As shown for those risk variants included in the first group, most of those 15 SNPs included in the second gene group except rs5498 in ICAM1 and rs699 in AGT were not confirmed in the present Chinese cohort. However, consistent with the finding in the previous CGAS studies (Schmidt et al., 2001; van Rijn et al., 2007), rs699 showed significantly positive association with LA, indicating that AGT could act as a shared risk gene for LA between Chinese population and non-Asian population and have a detrimental effect on LA. The rs699 (M235T) polymorphism in AGT gene encodes threonine instead of methionine at position 235 residue of the angiotensinogen protein. It has been reported to be in complete linkage disequilibrium with one haplotype in the promoter region that could regulate the transcriptional activity in astrocytes (Paillard et al., 1999; Tsai et al., 2003; Schmidt et al., 2004). Thus, this finding in the present study supports the implication of the functional disturbance of AGT gene in the pathogenesis of cerebral white matter lesion.
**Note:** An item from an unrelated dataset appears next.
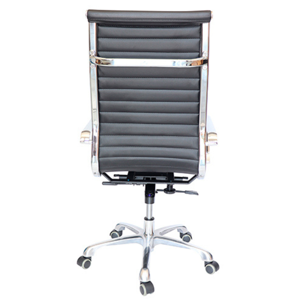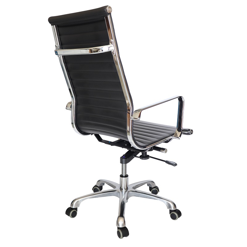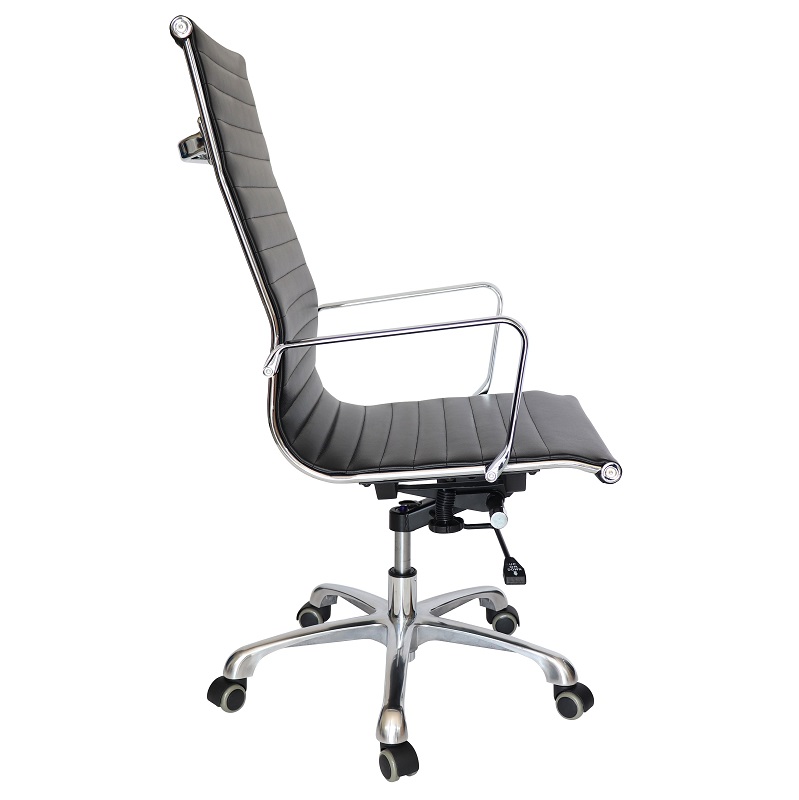 - Asiento y respaldo alto de un sólo corte tensado con la estructura para dar una suspensión única y adaptarse al cuerpo tapizado en soft revolving leather

The same as rs699 in AGT and rs1984613 in PMF1, another SNP selected from previous CGAS studies, rs5498 in ICAM1, showed significant association with LA in up to four random sampling tests, and it still remained significant in two random tests after controlling for the associated variables. ICAM1 gene encodes intercellular adhesion molecule 1. Its circulating level can act as one marker of endothelial dysfunction which is considered as one pathogenesis of LA (Hassan et al., 2003; Grueter and Schulz, 2012), indicating the pathogenic functions of ICAM1 in white matter lesions. Given that the variant rs5498 (M235T) in ICAM1 showed significantly negative association with LA in the present genetic association study, we thus think that this negative association of rs5498 with LA risk and the regulatory effect of this M235T missense on protein expression, structure, and function are required to be confirmed and explored in future.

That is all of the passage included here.